Abstract
Triclosan MIC determination showed that recent Staphylococcus aureus clinical isolates (n = 100) were highly susceptible to triclosan, with a 50% minimal inhibitory concentration (MIC50) of 0.12 μg/ml and a MIC90 of 0.25 μg/ml. Staphylococcus epidermidis isolates (n = 96) were less susceptible, with a MIC50 of 0.12 μg/ml and a MIC90 of 8 μg/ml. Decreased susceptibility to triclosan was more prevalent among methicillin-resistant S. epidermidis than among methicillin-sensitive S. epidermidis isolates.

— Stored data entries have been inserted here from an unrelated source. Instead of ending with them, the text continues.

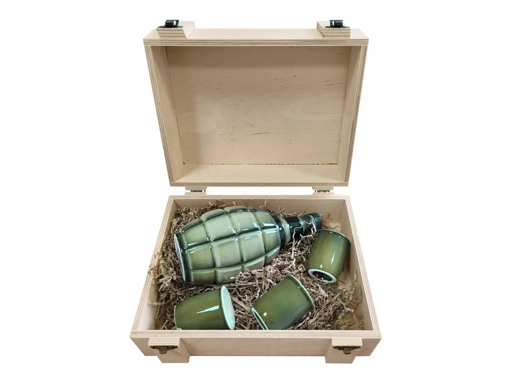 День Победы - один из самых важных и памятных государственных праздников в нашей стране. В этот знаковый для России день принято дарить памятные сувениры. Подарочный набор "День Победы" - это великолепный подарок на 9 мая, который запомнится надолго. В оригинальном деревянном “гранатном” ящике находятся керамические боеприпасы: штоф в виде гранаты и три стопки. Все сувениры изготовлены из высококачественного материала, поэтому они прослужат долго и будут радовать глаз. Этот подарочный набор станет прекрасным дополнением к праздничному столу. Внимание! Данное изделие относится к категории повышенной хрупкости. Для обеспечения его целостности и безопасной транспортировки настоятельно рекомендуется использование обрешетки. Обрешеточная упаковка является обязательной при доставке, и компания Oasis не несёт ответственности за повреждения, возникшие в результате ненадлежащей упаковки или транспортировки без обрешетки.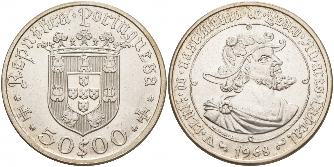 ПОРТУГАЛИЯ 50 ЭСКУДО 1968 500 ЛЕТ ПЕДРО АЛЬВАРЕСУ, НАВИГАТОРУ, ПЕРВООТКРЫВАТЕЛЮ БРАЗИЛИИ KM 593 серебро UNC 4537-1031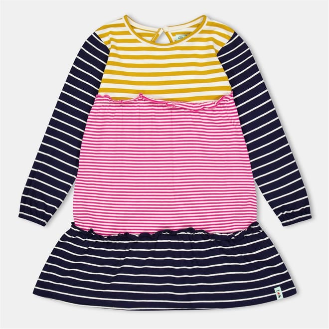 Lilly & Sid presents a charming tiered dress featuring a stripe pattern. This knee-length piece is designed with a crew neck and long sleeves, offering a regular fit. The dress is adorned with ruffle embellishments and a ruffle hem, adding a playful touch to its overall design. -

Triclosan (2,4,4′-trichloro-2′-hydroxydiphenyl ether) is a widely used antimicrobial agent that is found in a variety of consumer goods and in antiseptic products that are designed for use in the clinical setting (4). Triclosan has been recommended for the control of methicillin-resistant Staphylococcus aureus (MRSA) infections in hospital settings after being used successfully to control in-hospital MRSA outbreaks (2), and it is an additive biocidal agent used in some biomedical devices (9).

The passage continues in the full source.